Между тем за овальным столом разворачивался яростный спор. Молодые люди и их наставница говорили о поэзии.
- Да они оба – грандиозные поэты!
- И все-таки я больше люблю Тициана!
- Нет! Что ты! Галактион крупнее, масштабнее! Даже трагичнее!
- Сравнивать нельзя! Сравнивать нельзя!
- Тетя Тата, ВЫ как считаете?
- Как  я  считаю? Вот Галактион!

Елена Шалвовна читала стихи прокуренным, сорванным на лекциях шипяще-хриплым голосом, почти шепотом, но очень выразительно:

Но я забыл твое лицо!
Твой профиль нежный, твой дикарский,
должно быть, темен, как крыльцо
ненастною порой декабрьской?

И ты, должно быть, на виду
толпы заботливой и праздной
проносишь белую фату,
как будто траур безобразный?

Не хорони меня! Я жив!
Я счастлив! Я любим судьбою!
Как запах приторен, как лжив
всех роз твоих... Но Бог с тобою.


- Джемал, помнишь «Будь дальней» Тициана? Прочти!
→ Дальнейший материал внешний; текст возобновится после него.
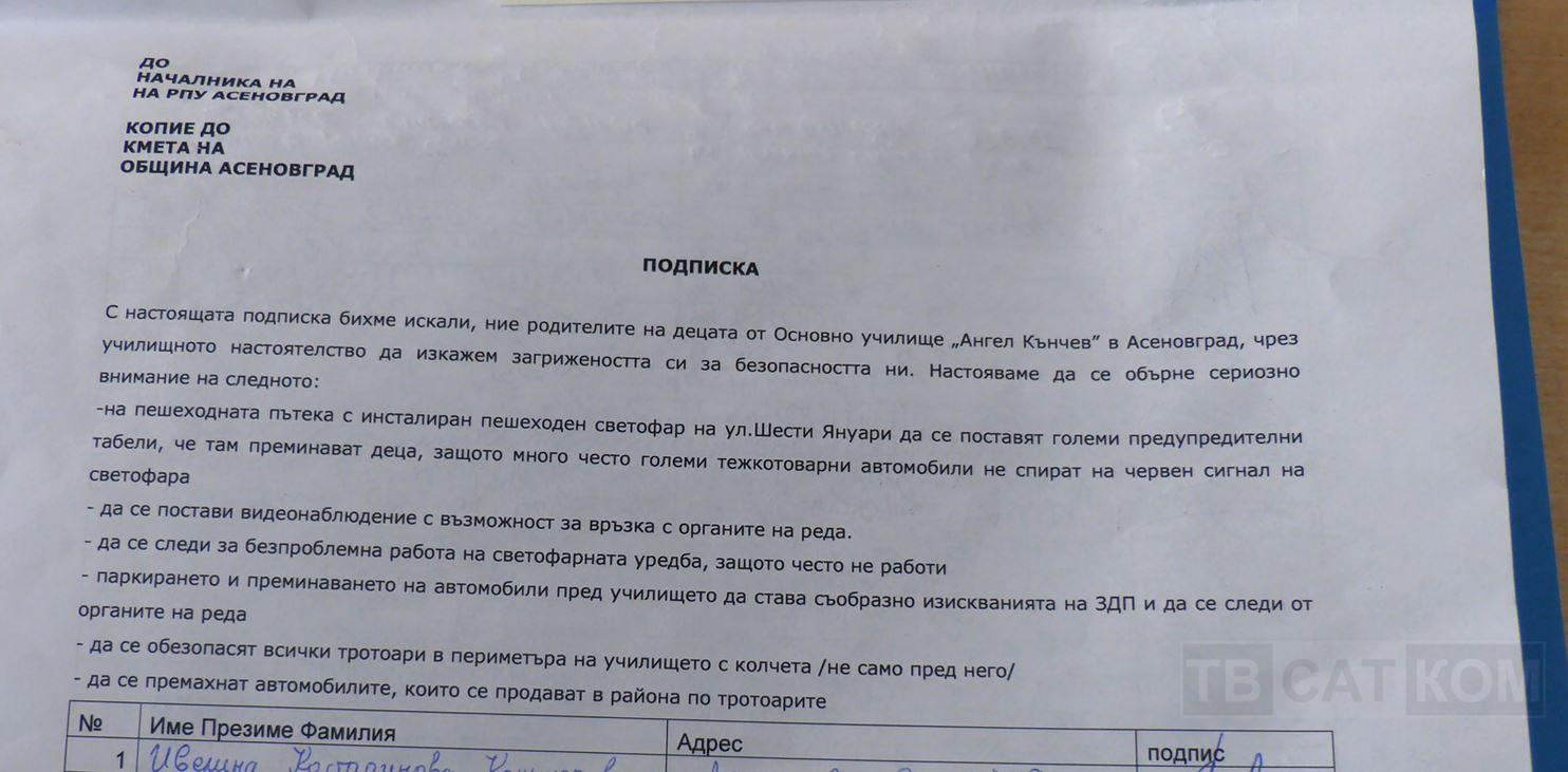 Училищното настоятелство към ОУ „Ангел Кънчев“ инициира подписка. Сред изложените искания в нея са: поставяне на видеонаблюдение на светофара находящ се на ул. „6-ти януари“ в Асеновград; монтиране на големи светещи предупредителни табели информиращи водачите, че там преминават деца, както и по-често и повече полицейско присъствие в района. Желанията на родителите включват и проследяване работата на светофарната уредба, поради факта, че много често тя не работи; също така и премахване на автомобилите, които са обявени за продан и са позиционирани по тротоарите в района на училището; монтиране на повече циментови блокчета възпрепятстващи паркирането около школото. Според председателя на училищното настоятелство – Екатерина Гешева, предложените промени се налагат заради това ,че там ежедневно пресичат множество ученици, а много често преминаващите товарни камиони карат с висока скорост и се случва да не спрат, дори и при червен сигнал на светофара. Всеки родител или гражданин решил да подкрепи предложенията може да го направи през следващите две седмици. Подписката е поставена на входа на сградата на ОУ „Ангел Кънчев“ и всеки може да я подпише. След като се съберат подписите, тя ще бъде внесена на вниманието на кмета на община Асеновград, както и в РПУ – Асеновград. От училищното настоятелство призовават за активност, поради факта, че това се прави за доброто на децата и жителите на града.

Джемал читал с сильным грузинским акцентом, отбивая такт рукой:

Будь дальней! Бездну отдаленья
Тоской заполню. Ведь на свете
Нас только двое. Так и встретим
Мы даже светопреставленье.

Я не задам тебе вопроса
О сущности моих влечений.
Но знай, что ты – моих мучений
Нераспустившаяся роза.

Меня твой дальний ветер будит.
Душа о шип твой зацепилась.
Возьми ее. О, сделай милость!
Она тебе не в тягость будет.

Тата прервала его:
- А это?!

Не я пишу стихи. Они, как повесть, пишут
Меня, и жизни ход сопровождает их.
Что стих? Обвал снегов. Дохнет – и с места сдышит,
И заживо схоронит. Вот что стих.

- Это же великолепно: «Не я пишу стихи. Они, как повесть, пишут меня…»!!!

Девушка горячо возражала:

- Ну, да – в переводе!!!  Еще неизвестно, кого здесь больше – Бориса Пастернака или Тициана Табидзе!
- А на грузинском еще лучше звучит! Как музыка!  
Постукивая по столу в определенном ритме, Елена Шалвовна – Тата читала стихи на грузинском языке.
Гугули Анзорович слушал, застыв с лупой в руке, и по его губам было видно, что он мысленно читал стихи вместе с нею.
Молодой человек очень тихо перебирал струны гитары.
И в это время над головами послышались топот и шарканье множества ног, абажур над столом начал раскачиваться как сумасшедший, и с потолка посыпалась белая пыль. Это – публика покидала зрительный зал после очередного киносеанса. Квартира находилась на цокольном этаже. Прямо над ней располагался известный городской кинотеатр.   
Гугули Анзорович доставал из почтового ящика письмо. Адрес был написан крупным детским почерком. Письмо было из России, из небольшого городка в Сибири, от незнакомого мальчика.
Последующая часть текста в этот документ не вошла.